Writing for the minority, Justice Sonia Sotomayor offered some extreme examples to illustrate a key reason for her dissent: that the ruling gives the whistleblower provision “a stunning reach.”

“As interpreted today, the Sarbanes-Oxley Act authorizes a babysitter to bring a federal case against his employer — a parent who happens to work at the local Walmart — if the parent stops employing the babysitter after he expresses concern that the parent’s teenage son may have participated in an Internet purchase fraud,” Sotomayor wrote. “And it opens the door to a cause of action against a small business that contracts to clean the local Starbucks (a public company) if an employee is demoted after reporting that another nonpublic company client has mailed the cleaning company a fraudulent invoice.”

She added that “nothing in the text, context or purpose” of the Sarbanes-Oxley Act suggests that Congress wanted to “create this kind of sweeping regime.”
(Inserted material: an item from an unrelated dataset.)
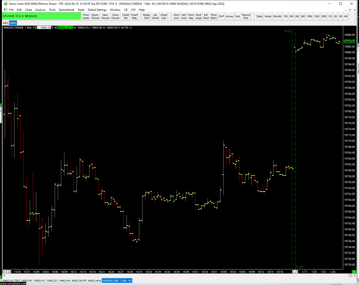 Your log shows that it is only downloading historical data to 2024-06-24 18:22:20.551004. Which is very odd. It should be loading to the current time. We just want to repeat the process one more time to see if we get the same result. Please do the following for us: - Open the chartbook (if not already open) that has the chart for MESU4.CME - Clear your Message Log by following these instructions: Message Log: Clearing the Message Log - With the MESU4.CME chart active, select "Edit >> Delete All Data and Download". - Wait for the data to fully download, then immediately post your Message Log to this thread by following these instructions: Support Board Posting Information: How to Post Your Message Log (Required In Some Cases) For the most reliable, advanced, and zero cost futures order routing, use the Teton service: Sierra Chart Teton Futures Order Routing |

The majority opinion held, though, that the allegations of the plaintiffs in the Lawson case “fall squarely within Congress’ aim.” Wrote Justice Ruth Bader Ginsburg, “Lawson alleges that she was constructively discharged for reporting accounting practices that overstated expenses associated with managing certain Fidelity mutual funds…. By inflating its expenses, and thus understating its profits, [FMR] could potentially increase the fees it would earn from the mutual funds — fees ultimately paid by the shareholders of those funds.”

For his part, Chinn says he’s disappointed in the decision because the case presented an opportunity for the Supreme Court to rein in “the very aggressive interpretations of the whistleblower provision coming out of the Labor Department” under the Obama Administration.
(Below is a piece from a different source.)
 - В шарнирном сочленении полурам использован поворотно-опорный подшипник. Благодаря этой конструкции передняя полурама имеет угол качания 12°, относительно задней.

“Advocates for employers, like myself, had hoped the Supreme Court would step in and draw some boundaries for the interpretation of Sarbanes-Oxley in light of where Obama’s [Department of Labor] has gone with it,” he says.

Most notably, in a case called Spinner v. David Landau & Associates that came before the Labor Department’s Administrative Review Board, in 2012 the board broadly interpreted the SOX whistleblower protections to encompass private companies that contract services to public ones. That position contradicted the one that the First Circuit Court of Appeals had already taken in the Lawson v. FMR case.